# Anyone Install Running Boards On A Truck



## N7OQ (Jun 10, 2006)

I need to install running boards on my truck to make it easier for the DW to get in and out. A search on the internet and ebay shows a lot of different types and brands of boards. So what is good and what should I stay away from. Which ones are easier to install. Any ideas would be welcomed.


----------



## wolfwood (Sep 19, 2005)

Bill, we had Toyota install them when we bought the truck and I can't tell you what the brand is - but we did it for the same reason. Even with them, it's a hike up there! Be sure to spend a few extra dollars and get the rubber coated STEP boards...not the plain chrome running boards. That shiny chrome sure looks good but those STEPS get mighty slippery when they're wet...the treads make a HUGE difference when you're really relying on them to get in and out of the truck.


----------



## Y-Guy (Jan 30, 2004)

I've installed ones on my Avalanche and F-350. The Av I put on running board types, advatage was keeping slush/ice/mud off the side of the truck, disadvantage was they slush/ice/mud could pile up on the boards. On the F350 I use the chome pole type, no build but, but no protection. The chrome looked bad when dirty though. Its a toss up I think, both have advantages & disadvantages. Most all factory and OEM are a breeze to install since most all trucks have factory mounts now so its just bolting them on. In my case only took about 30 minutes to get installed.


----------



## Yianni (Aug 30, 2006)

Bill,
We had the dealer put ours on before we picked up our 2008 GMC. They are O.E.M. and look and work great.
I don't know what after market boards go for but these were around $600.00 installed. 
Y-Guy is right though, these would be very easy to bolt on yourself. They just bolt right on.
I also added a step for getting into the bed of the truck. It is a huge help. 
Let me know if you would like pictures.


----------



## Sluggo54 (Jun 15, 2005)

The first thing I did was add step bars. The last thing I have done is found a way around the plastic treads that break, split, and in general don't hold up. I removed the plastic stuff and replaced it with these:

https://www.carr.com/store/carrtreadplates.asp

They also come in a 24" version, which I used under the front doors. I used a cobbled-up 12" with more added from a 10" on the rears. Doesn't look nearly as bad as it sounds. They are for sure non-slip, but you would want shoes.

The 24" stickers at $40. I got all five that I used off ebay for a total of about $26.

Sluggo


----------



## Beaner242 (Jun 25, 2007)

I have the Go-Rhino brand that go wheel to wheel. Very nice, I like the extra step to get in the bed to. Here is a link. Go Rhino steps


----------



## jdpm (Apr 12, 2007)

I found a good deal for mine on ebay. They are the factory no drill models and easy to install. I saved a lot by not getting them from the dealer. The install was easy.
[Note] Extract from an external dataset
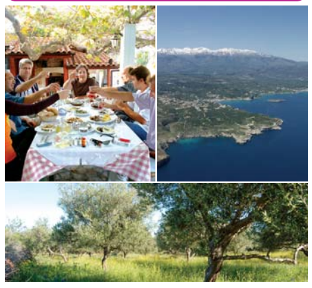
Our olive grove in Kefalas

Metaxa Brandy - Rose petals are one of the ingredients used in the production of this popular drink.

PCM


----------



## OutbackPM (Sep 14, 2005)

N7OQ said:


> I need to install running boards on my truck to make it easier for the DW to get in and out. A search on the internet and ebay shows a lot of different types and brands of boards. So what is good and what should I stay away from. Which ones are easier to install. Any ideas would be welcomed.


 Boards and step bars are different but can be used to get in and out easier. If you are going for step bars pay the extra for the satinless steel option. They will last alot longer in the harsh environment. The ones I on my truck now came with it but are not as good as the one on my 1500 truck that I bought. I can't remember the name (Edit they were Westin bars) but the bars were forged steps and not hollow covered with a rubber step. These were much stiffer than the ones I have now. I think they cost me $600 including fitting about 5 years ago.


----------



## 'Ohana (May 20, 2007)

Yianni said:


> Bill,
> We had the dealer put ours on before we picked up our 2008 GMC. They are O.E.M. and look and work great.
> I don't know what after market boards go for but these were around $600.00 installed.
> Y-Guy is right though, these would be very easy to bolt on yourself. They just bolt right on.
> ...


X2 on the O.E.M. style

As for their usefulness, they really help with getting into and out of a big TV









Ed


----------



## Oregon_Camper (Sep 13, 2004)

Did it a while back on a 4-Runner. I remember is was very easy to do....about 60 minutes?


----------



## Scoutr2 (Aug 21, 2006)

I had OEM boards installed on my Chevy Crew Cab when I bought it. They cost about $350, installed. And they look like they came from the factory that way. (And contrary to what someone told me, they do fit with the molded Chevy mud flaps, too. Great combination.)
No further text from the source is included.